PROVIDED RECORDS: Begin

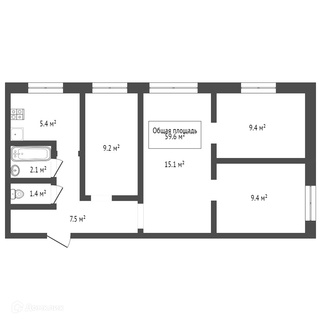 Общая площадь 59.6 м2
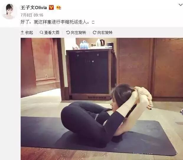 “最近脑公这是瑜伽上瘾了,话说啊,我的行李箱很大!!!!!快来吧,我要把你卖了,啊哈哈哈哈”
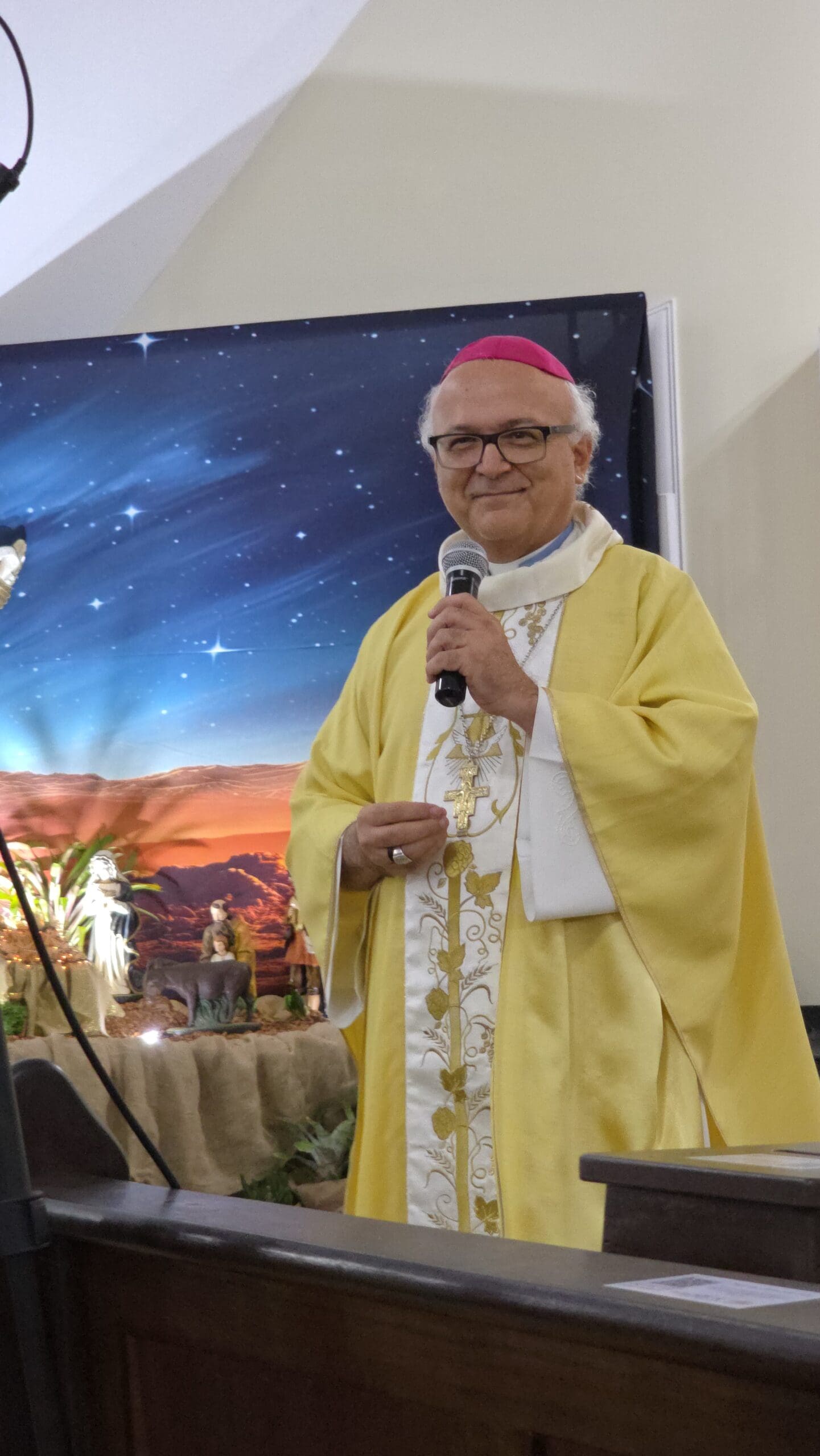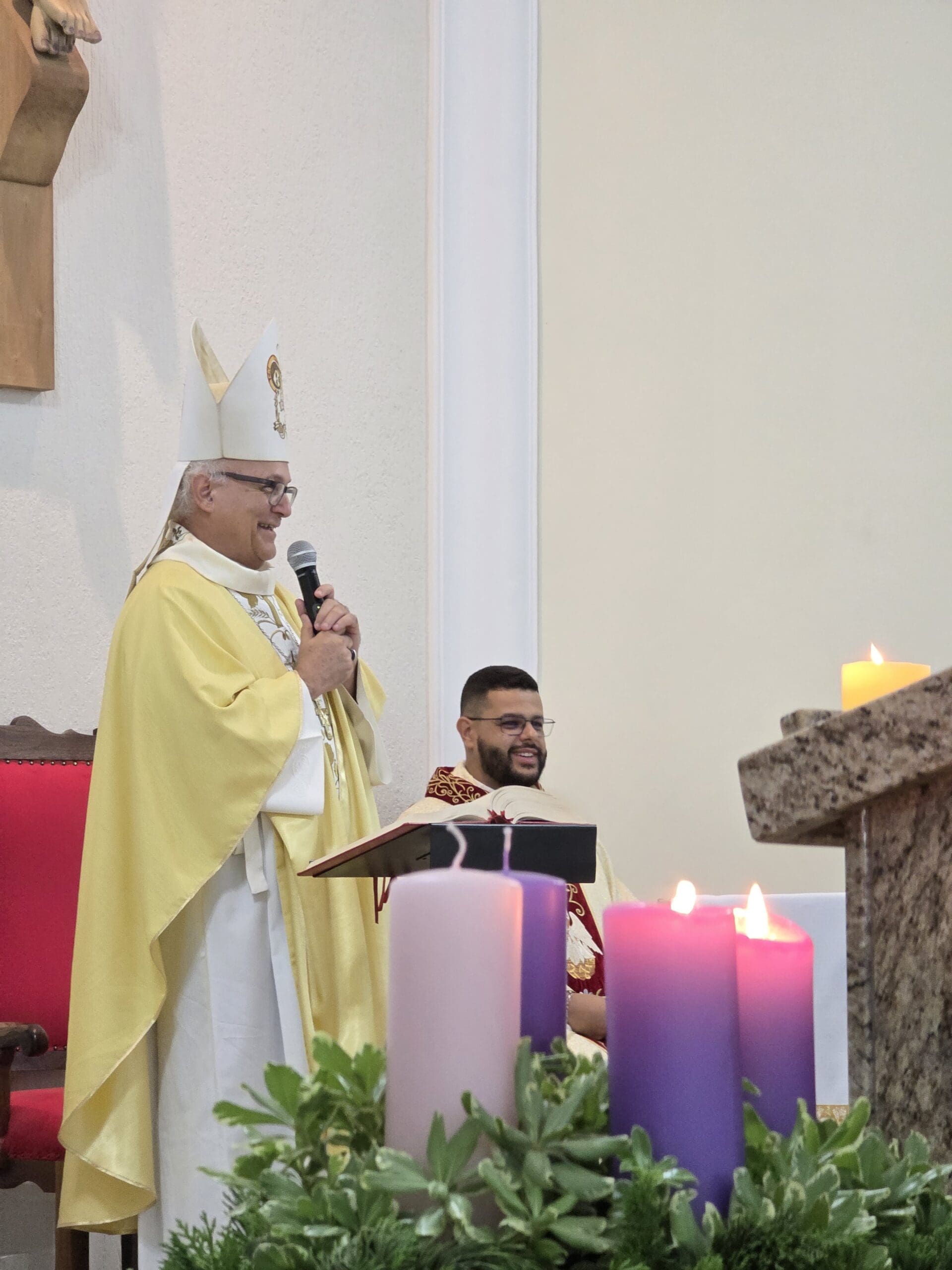 Inspirado no Evangelho de Mt 18,12-14 e no Salmo que proclama “Olhai e vede: o nosso Deus vem com poder”, Dom Luiz convidou a comunidade a viver o Advento com profundidade e esperança. Em sua reflexão, destacou a missão de preparar os caminhos do Senhor, à semelhança de João Batista, recordando que este chamado é dirigido a toda a Igreja e, de modo especial, ao novo pároco. O bispo ressaltou ainda que o verdadeiro poder de Deus não se manifesta pela força, mas pela ternura, afirmando que “esse Deus que tudo pode mostra seu poder no colo, segurando os cordeirinhos”.
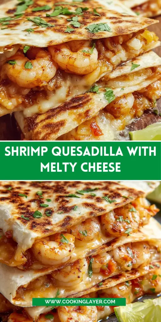 Shrimp Quesadilla with Melty Cheese is a delicious dish filled with sautéed shrimp, cheese, and vegetables, all encased in a crispy tortilla.
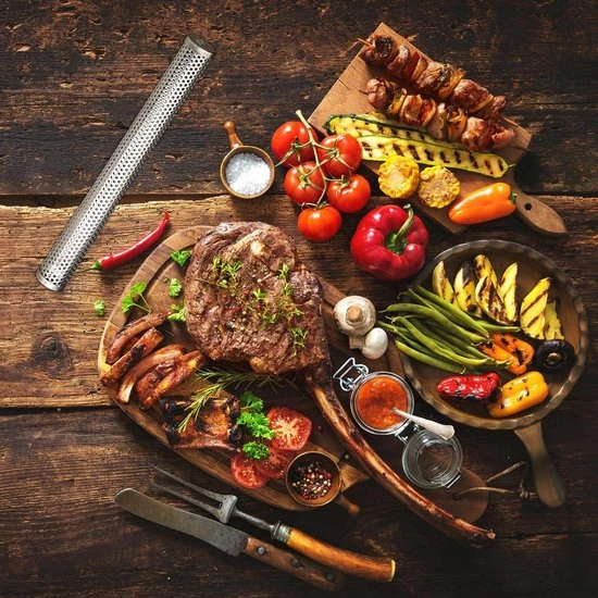 Wanneer het al water al in de mond loopt, wanneer je aan de lekkere smaak denkt, zul je heel veel plezier hebben met de rookstaaf van roestvrij staal. Hij is heel eenvoudig te gebruiken: Leg de smoker tube horizontaal op de barbecue. Dan vul deze met rookchips op pellets en steek het vervolgens aan. De vele gaatjes zorgen ervoor, dat het rook gelijkmatig in de grill verdeeld wordt – dat is een duidelijk voordeel ten opzichte van smokerboxen. Om het grillaccessoire eenvoudig mee te nemen, hoort een handige draagtas bij de leveromvang. Rookstaaf RVS in detail – Afmeting H x D: ca.30 x 3,8 cm – Afmeting opening: ca. 1.6 en 2,2 cm – Materiaal: Roestvrij staal – Gewicht: ca. 85 g Smoker tube voor heerlijke smaak – Grillvlees met lekkere rooksmaak genieten – Geschikt voor gas-, kogel- of houtskoolbarbecue – Gelijkmatige verdeling van rook – Met opbergtasje Leveromvang – 1 x rookstaaf – 1 x tasje – Decoratie is bij de levering niet inbegrepen

PROVIDED RECORDS: End

The output is the records exactly as they read, with no pictures in it.

RESULT
 Общая площадь 59.6 м2
 “最近脑公这是瑜伽上瘾了,话说啊,我的行李箱很大!!!!!快来吧,我要把你卖了,啊哈哈哈哈”
 Inspirado no Evangelho de Mt 18,12-14 e no Salmo que proclama “Olhai e vede: o nosso Deus vem com poder”, Dom Luiz convidou a comunidade a viver o Advento com profundidade e esperança. Em sua reflexão, destacou a missão de preparar os caminhos do Senhor, à semelhança de João Batista, recordando que este chamado é dirigido a toda a Igreja e, de modo especial, ao novo pároco. O bispo ressaltou ainda que o verdadeiro poder de Deus não se manifesta pela força, mas pela ternura, afirmando que “esse Deus que tudo pode mostra seu poder no colo, segurando os cordeirinhos”.
 Shrimp Quesadilla with Melty Cheese is a delicious dish filled with sautéed shrimp, cheese, and vegetables, all encased in a crispy tortilla.
 Wanneer het al water al in de mond loopt, wanneer je aan de lekkere smaak denkt, zul je heel veel plezier hebben met de rookstaaf van roestvrij staal. Hij is heel eenvoudig te gebruiken: Leg de smoker tube horizontaal op de barbecue. Dan vul deze met rookchips op pellets en steek het vervolgens aan. De vele gaatjes zorgen ervoor, dat het rook gelijkmatig in de grill verdeeld wordt – dat is een duidelijk voordeel ten opzichte van smokerboxen. Om het grillaccessoire eenvoudig mee te nemen, hoort een handige draagtas bij de leveromvang. Rookstaaf RVS in detail – Afmeting H x D: ca.30 x 3,8 cm – Afmeting opening: ca. 1.6 en 2,2 cm – Materiaal: Roestvrij staal – Gewicht: ca. 85 g Smoker tube voor heerlijke smaak – Grillvlees met lekkere rooksmaak genieten – Geschikt voor gas-, kogel- of houtskoolbarbecue – Gelijkmatige verdeling van rook – Met opbergtasje Leveromvang – 1 x rookstaaf – 1 x tasje – Decoratie is bij de levering niet inbegrepen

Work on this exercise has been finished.